Prompted by recent DDOSs on Mtgox I've been thinking about the ideal Bitcoin exchange and what it might look like. The fundamental issue for a Bitcoin exchange should be that trading never stops, the trading engine needs to be online, and users need to be able to access it, 24 hours a day.

The issues with Mtgox right now seems to be two fold. Firstly, there doesn't seem to be a clear separation between the web interface and the backend trading engine, those two things seem very tightly coupled. Secondly there's only really one way to access the trading engine, if that goes offline trades can't get through and malicious users can use that fact to their advantage.

The diagram above outlines what you might want an exchange to look like. The colored boxes are trader facing, the white boxes are internal systems and hosts.

The trading engine

The core trading engine should be able to deal with 1000s of transactions per second, this should be easy to achieve, even with a single highend server. A cluster of servers, hosted at multiple sites, with transactions kept is sync would be non-trivial, but obviously desirable.

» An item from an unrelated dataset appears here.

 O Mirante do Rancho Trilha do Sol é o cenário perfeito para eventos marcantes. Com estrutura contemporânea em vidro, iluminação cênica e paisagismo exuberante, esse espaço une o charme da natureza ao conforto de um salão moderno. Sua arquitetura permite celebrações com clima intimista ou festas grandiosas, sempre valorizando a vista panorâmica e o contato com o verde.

As well as maintaining a database of accounts and open trades the trading engine also writes all trades to a transaction log, the interface only allows new transactions to be created in the log, transactions can not be amended or deleted.

In order to execute trades the trading engine has access to a second host which is connected to the Bitcoin network, this host is used for transferring funds in and out of the Exchanges wallets. All Bitcoin transfer requests the mediated by a "transaction validation" server. The trading engine itself will of course already be enforcing trading limits, however the validation server will filter out abnormally large transactions, which will then require manual verification.

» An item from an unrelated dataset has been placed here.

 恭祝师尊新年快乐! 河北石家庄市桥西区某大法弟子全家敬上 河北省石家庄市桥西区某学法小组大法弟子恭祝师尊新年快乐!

The server containing the wallets itself uses a separate Internet connection to communicate with the Bitcoin network. Funds are stored in multiple, encrypted wallets of at most 1000BTC. Some degree of manual intervention maybe required to bring wallets online.

User facing Services

Our current issues are mostly related to decoupling the trading engine from the trading interface, and that only a single trading interface exists. I'd like to see multiple trading interfaces, which would limit the likelihood of a malicious entity blocking all trades.

I'd like to see the ability for traders to install local, possibly automated trading system in the same hosting facility as the trading engine. Some might see automated trading as a bad thing, but it may well help maintain stability.

I'd like to see automated telephone trading, this may well have lower trading limits, but it would be a back-channel which almost everyone can access if the web interface was offline. It might well require a challenge/response token for access.

Another option is to allow trading via a distributed network of IRC servers, again sitting on a separate Internet connection, and requiring challenge/response for trading, but being part of a distributed network, much harder to DDOS.

Conclusion

These are just my notes on what an Exchange might look like. It would be great to see a modern, robust, open source exchange that looked something like this.